Low-income citizens won't pay health insurance, says El-Gabali

Safaa Abdoun
3 Min Read

CAIRO: Minister of Health Hatem El-Gabali said that low-income citizens will be a priority in the new health insurance draft law the ministry plans to propose at the People’s Assembly.

The objective of the law is to provide citizens with health care, El-Gabali told the National Conference for Youth in Luxor, according to a press statement by the ministry.

Low-income citizens will be highly considered and those who cannot afford to pay health insurance will be exempt from the annual fees and will also be given the medicine free of charge, he explained.

Pensioners will only be required to pay one third of the fee, he added.

The minister also announced at the meeting that starting May, the price of 40 locally produced medicines will be reduced.

The government set in motion plans to change Egypt’s health insurance system four years ago.

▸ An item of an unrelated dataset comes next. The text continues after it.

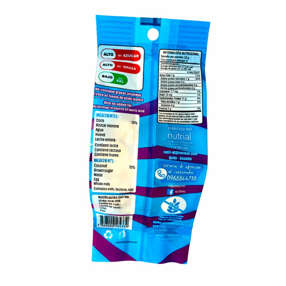 • Bocadito horneado de coco maduro y azúcar morena, sin harina. Sin gluten. Sin químicos
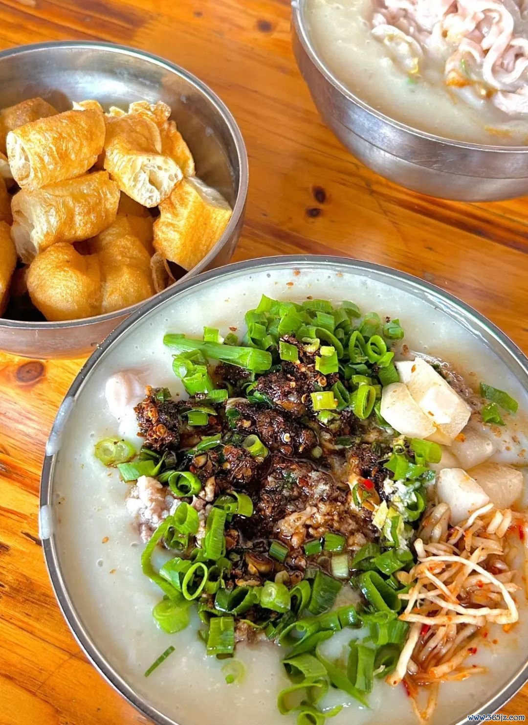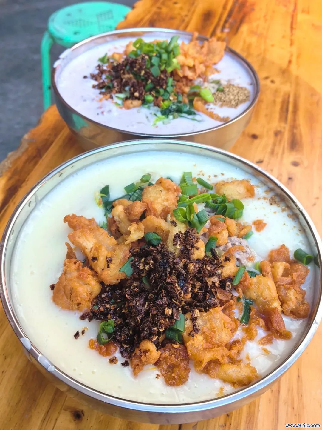 终末还要加上韭菜、芽菜、折耳根、麻油、油辣椒等配料,搅动一下,吃起来爽口得很,再配上一根炸好的油条,太绝了。

From the outset, health activists warned that the plans – which will require health insurance beneficiaries to pay a percentage cost of treatment received in hospital as well as a percentage of the cost of medicines – will render treatment under the health insurance system out of reach for many Egyptians.

Last month, political parties and rights activists angrily rejected claims that there is no public opposition to the draft health insurance law which was before the People’s Assembly at the time.

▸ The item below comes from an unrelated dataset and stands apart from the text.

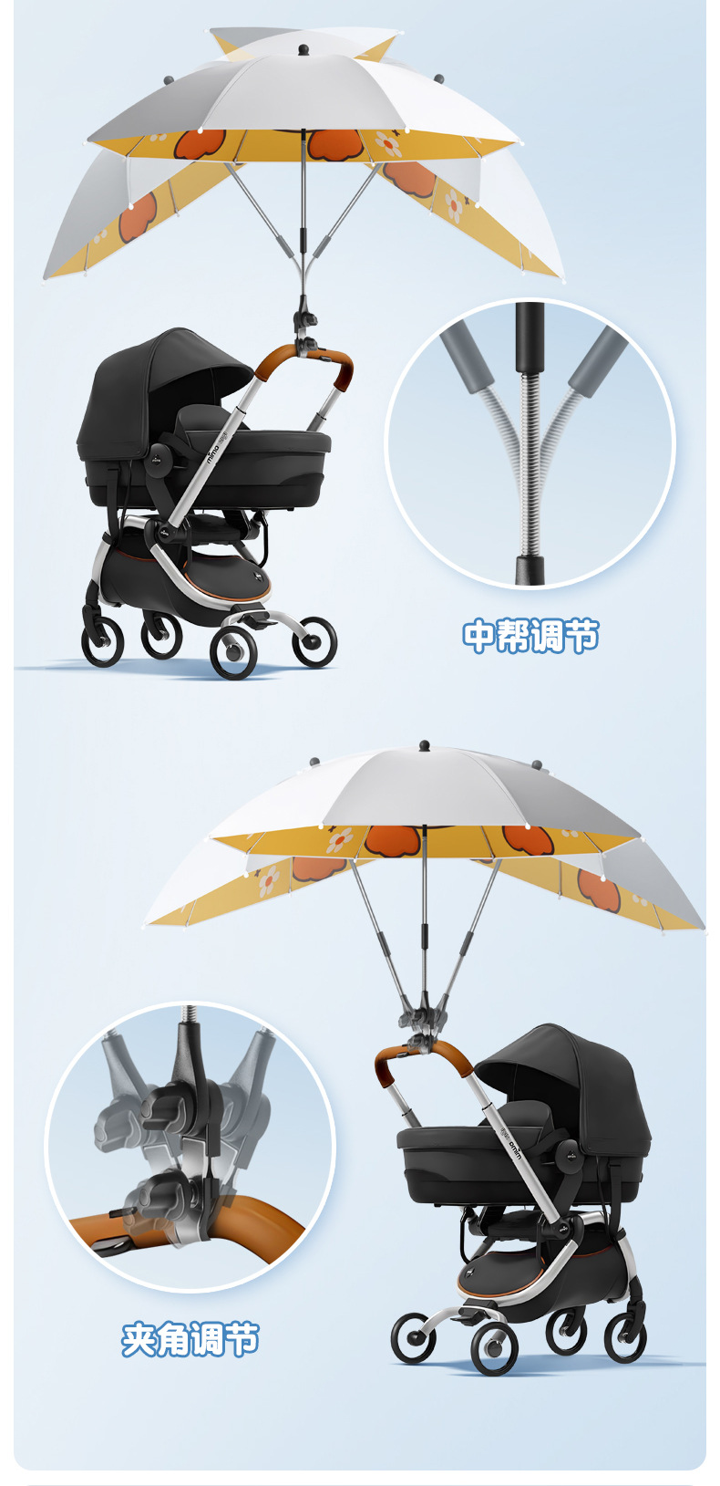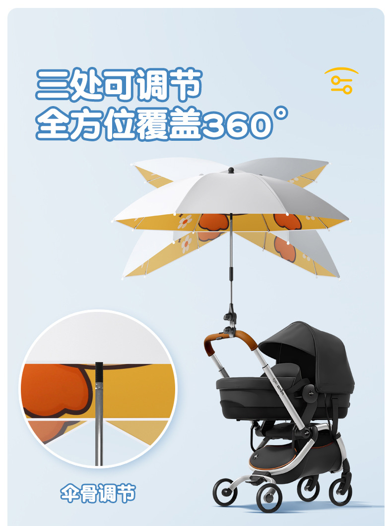 새로운 티타늄 실버 아기 세발자전거, 범용 유모차, 우산, 유모차, 자외선 차단제, 태양 우산스토어 가기

Member of the committee for the defense of the right to health, Mohamed Hassan Khalil, told a press conference that in December 2009 the State Council also issued a non-binding opinion in which it rejected the current draft law, citing the unconstitutionality of 12 of its articles.

It wasn’t the first time.

In September 2008, the government’s plans received a setback when the State Council’s Administrative Court held that a prime ministerial decree which sought to create a holding company for health care and transfer the ownership of all health insurance clinics and hospitals to it was unconstitutional.

Khalil condemned the health minister’s denial of the existence of popular opposition to the draft law, as well as the failure of the government to make public the numerous versions of the law that have been drafted since the last one was published in a newspaper in June 2008.

Due to the strong criticism and opposition, the draft law was recalled and the ministry is currently working on another one.